2. Comparison of the data collected using multispectral (left) and
hyperspectral (right) imaging methods.
In regard to the quality
of the hyperspectral images, three main resolution parameters which determine
the level of gathered information can be described. These are:
●
Spatial resolution;
●
Spectral resolution;
●
Temporal resolution.
Spatial
resolution is described as the smallest discernible detail in an image. It can
be regarded as the dimension of the smallest object in an image that can be
distinguished as an individual part. Spatial
resolution is directly related to the clarity of the image. However, it should
be mentioned that spatial resolution should
not be mixed up with the number of pixels in
an image. The spatial characteristics of a hyperspectral image depend on the
design of the imaging sensor in terms of its field of view and the altitude at
which the image is captured.
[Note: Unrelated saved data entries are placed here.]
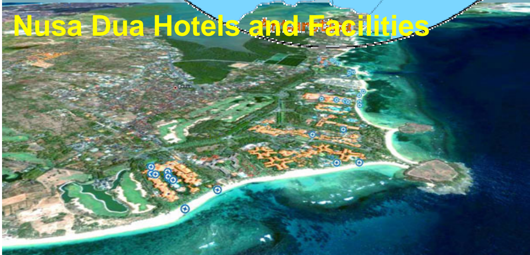
Bali International Conference Center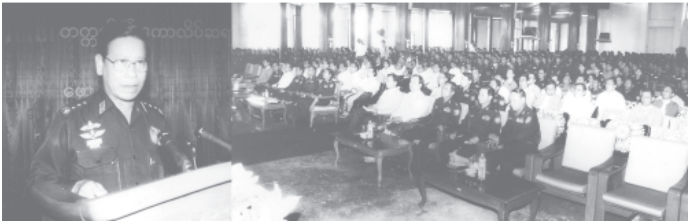
Prime Minister General Khin Nyunt addresses opening ceremony of Special Refresher Course No 5 for Faculty Members of Universities and Colleges.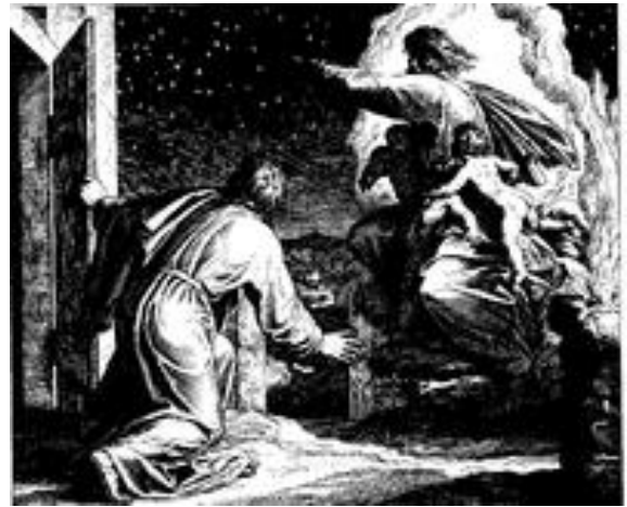
The Vision of the Lord Directing Abram to Count the Stars (woodcut by Julius Schnorr von Carolsfeld from the 1860 Bible in Pictures )

God then sealed this promise to Abram and his descendants in a blood covenant. God caused Abram to fall into a deep sleep while the Spirit of the Lord, as smoke and fire, passed through the cut pieces of the sacrificial animals.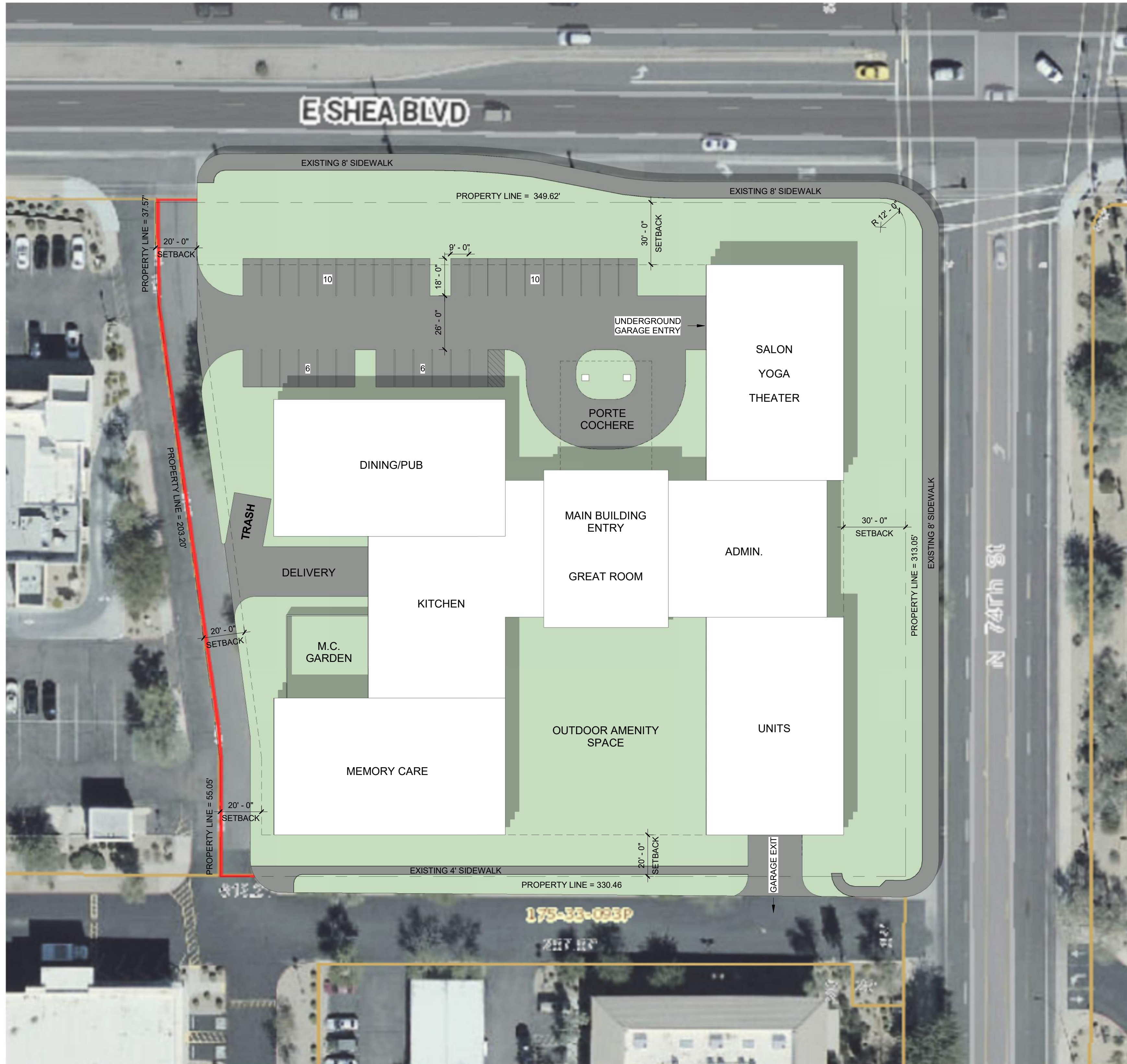
1 PROPOSED SITE PLAN A050 1" = 30'-0"

If we consider that a finite patch of the ground
is captured by each detector in a remote imaging sensor then the spatial
resolution is inversely proportional to the patch size. Therefore, the smaller
the size of the patch, the higher details can be interpreted from the observed
scene.
Spectral
resolution is defined as the number of spectral bands in the whole range of
electromagnetic spectrum captured by the sensor. For example, the sensor might
collect the light in a large frequency range but still have a low spectral
resolution if the information is gathered from a small number of spectral
bands. On the contrary, if a sensor collects the data from a small frequency
range but captures a large number of spectral bands, high spectral resolution
is obtained. In such cases it is possible to distinguish between two similar elements
(having similar spectral features). Multispectral images, therefore, have a low
spectral resolution and using this method it is not possible to resolve finer
spectral signatures present in the analyzed area. HSI sensors acquire images in
numerous continuous and extremely narrow spectral bands in mid infrared, near
infrared and visible parts of the electromagnetic spectrum. This type of advanced imaging system shows tremendous potential for material
identification on the basis of their unique spectral signatures. Spectrum of a
single pixel in a hyperspectral image can give considerably more information
about the surface of the material than a normal image. It is worth mentioning
that even though multispectral imaging does not have as high spectral
resolution as hyperspectral imaging, oftentimes
it is much more practical to use. For example, in some cases it can be known
for certain in which specific parts of the electromagnetic spectrum largest variations or differences between the
spectral information of the analyzed objects are present. Therefore, collecting
the information in the whole spectral range does not provide any more useful
information and only burdens the analysis by adding redundant information.
Temporal
resolution is considered if routine measurements of hyperspectral or
multispectral remote sensing are made. In such cases depending on the type of information acquisition method
the temporal resolution can depend on the orbital characteristics of the
imaging sensor or the period of the experimental tests. Generally, the temporal
resolution can be defined as the time needed to revisit and obtain data from
the exact same location. Therefore, temporal resolution is considered high if
the period between two measurements of the exact same location is short and is
considered low if the said period is long. In general practice this parameter
is defined in days.
Remote sensing applications
provide unprecedented data streams for the retrieval and hence allow the
monitoring of SOC across the VNIR\96SWIR spectral range. The different sensors
used to collect the spectral data are generally mounted on either airborne or
spaceborne platforms. Also, unmanned aerial vehicle (UAV) systems have become
available to carry out the fully autonomous hyperspectral analysis. All
available remote sensing platforms can be differentiated in terms of their
spatial, spectral, and temporal resolution that consecutively specifies their
accuracy and the field of application. To put it in brief, different sensing
applications can be applied using three systems: satellite, airborne, and
unmanned aerial vehicle systems.
Satellite remotely sensed
imagery has a lot of potential to generate spatial maps of the upper soil
horizon. Satellite multispectral sensing was first used in quantitative SOC
characterization as soon as the first satellites were launched in the 1980s.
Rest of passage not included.